Ionic’s NavController offers an extensive API that allows you to manipulate your apps history, create history from nothing, and programmatically navigate back. NavController has an extensive API with many methods and lifecycle hooks that developers can use. Be sure to check out the documentation

[00:01] Unlike a traditional Angular app, Ionic apps use a NavController for handling routes and views. NavController provides a full API for working with app history, instead of relying on the browser and URLs for navigating around.

[00:15] To set up NavController, we first create a base ion nav component. Then we set a root property. The root property is a dynamic input, and we set its value to the home page component in our base class. With this, we've created an instance of NavController.

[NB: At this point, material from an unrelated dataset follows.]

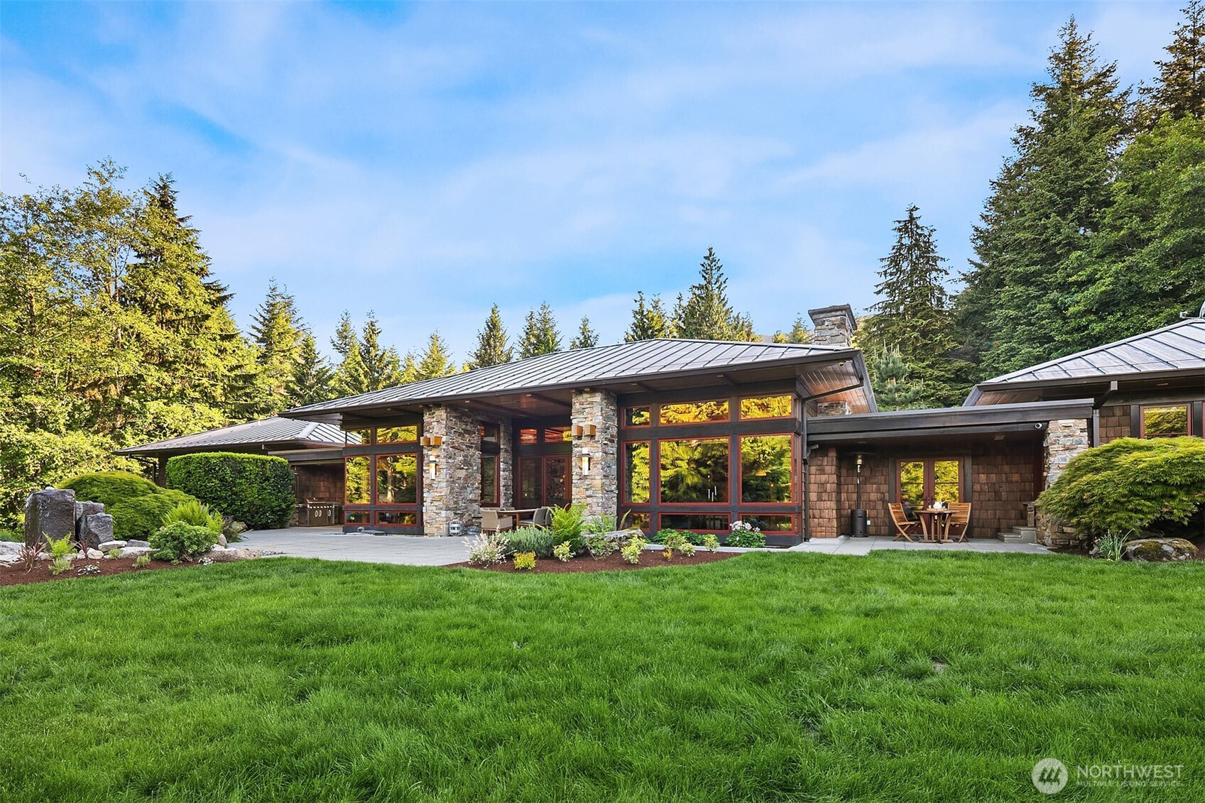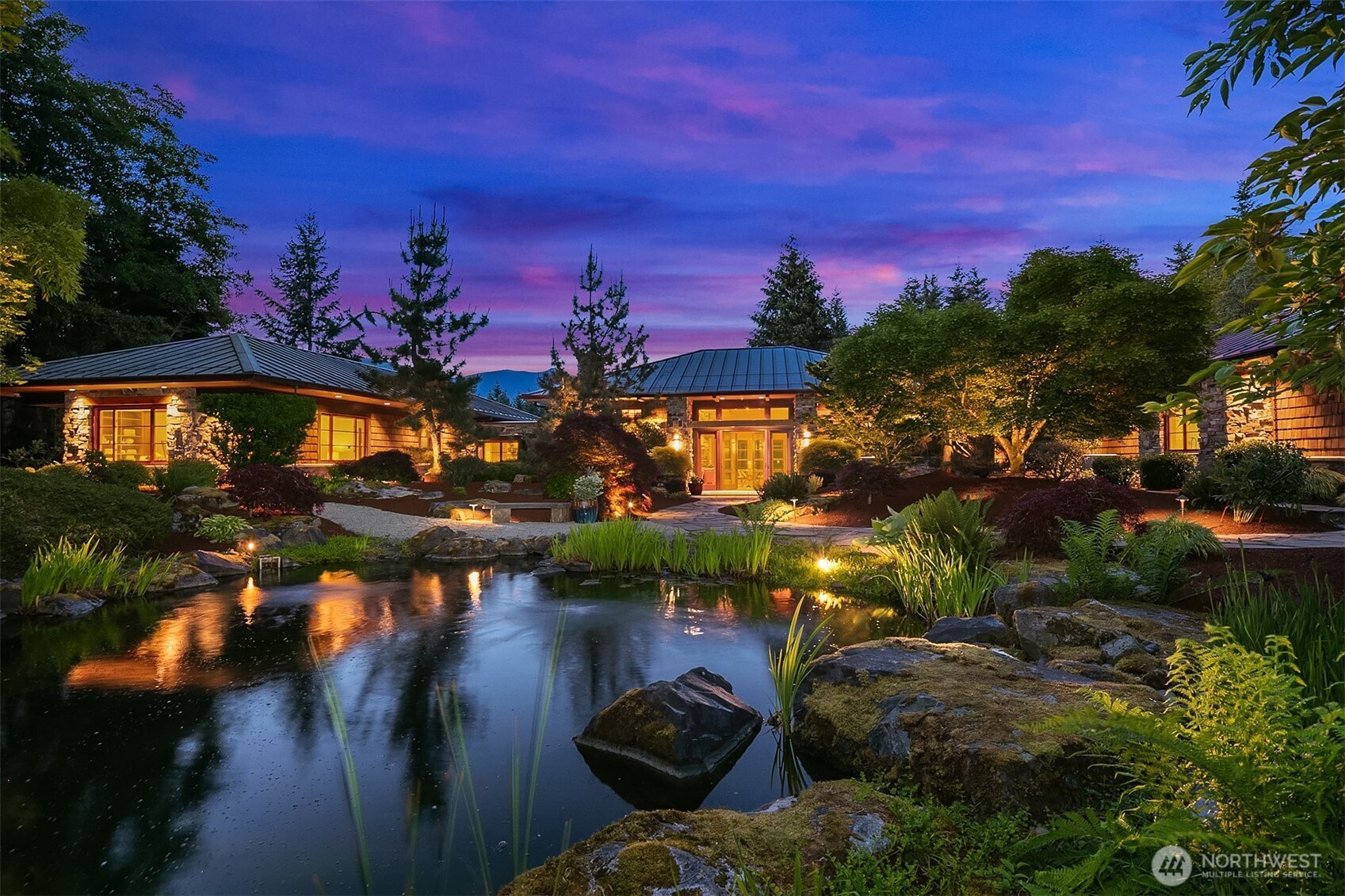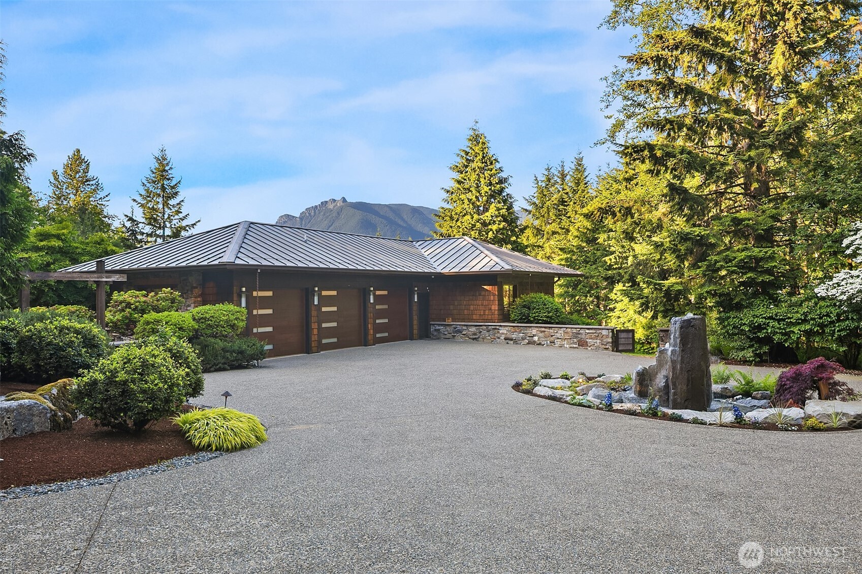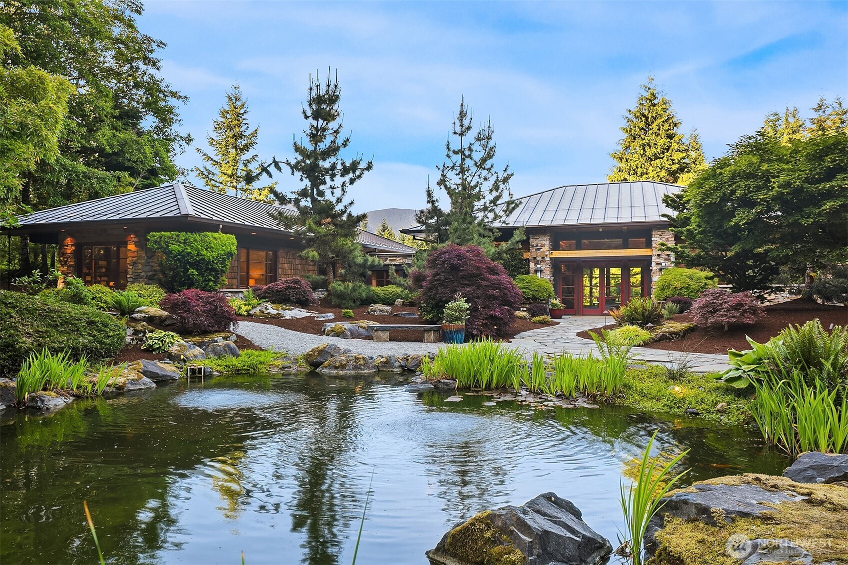 Award-winning 2002 MAME "Best Custom Home", inspired by Frank Lloyd Wright's iconic Falling Water, featuring PNW and Japanese influences. Stress melts with the sound of the waterfall. Enjoy feeding koi in a seasonal symphony of color landscaping. A temple awaits as you open the front doors with symmetrically balanced stone, wood, and glass. Awake with the sun and views of Mt Si, drift to sleep with the sounds of the water splashing. The primary spa awaits to nurture your tired body further. Take refuge in the cozy home theater with a 17' wide screen and soundproof walls. Whether feeding 4 or 40, the U-shaped kitchen layout is perfect for orchestrating meals, including guests for conversation or prep, but keeping them out of your domain.

[00:31] Now, we can start calling methods on the NavController to start to navigate around our app. For example, from our home page class, we import NavController, inject it into our constructor, and then call push to navigate to a new page.

[00:49] If we want to go back programmatically, we could call pop on the NavController. We'll open up our detail page. Inside of the constructor, we'll add a set timeout.

[01:03] Inside of that, we'll call this.NavController.pop. Then we'll set the time for the timeout to two seconds.

[01:13] When we navigate to the detail page, we'll wait two seconds, and then NavController.pop will be called. We could think about the navigation stack as an array of components. Push will add a new component to the stack, and pop will remove the current component from the stack.

[01:29] Another advantage of NavController is its ability to create app history from nothing. In home.ts, instead of calling push, let's call setPages instead. Now, setPages takes an array of objects with a page property, and then an optional params property.

[01:50] For our array, we'll set a home page, then a detail page, grabbing a random user. We'll set the home page again, and then the detail page again, but with the user being passed in. Now, when we click on our item, we'll navigate to the last detail page, and then have app history to navigate back through.

[02:25] The NavController API is quite extensive, so be sure to check out the docs for all the available methods.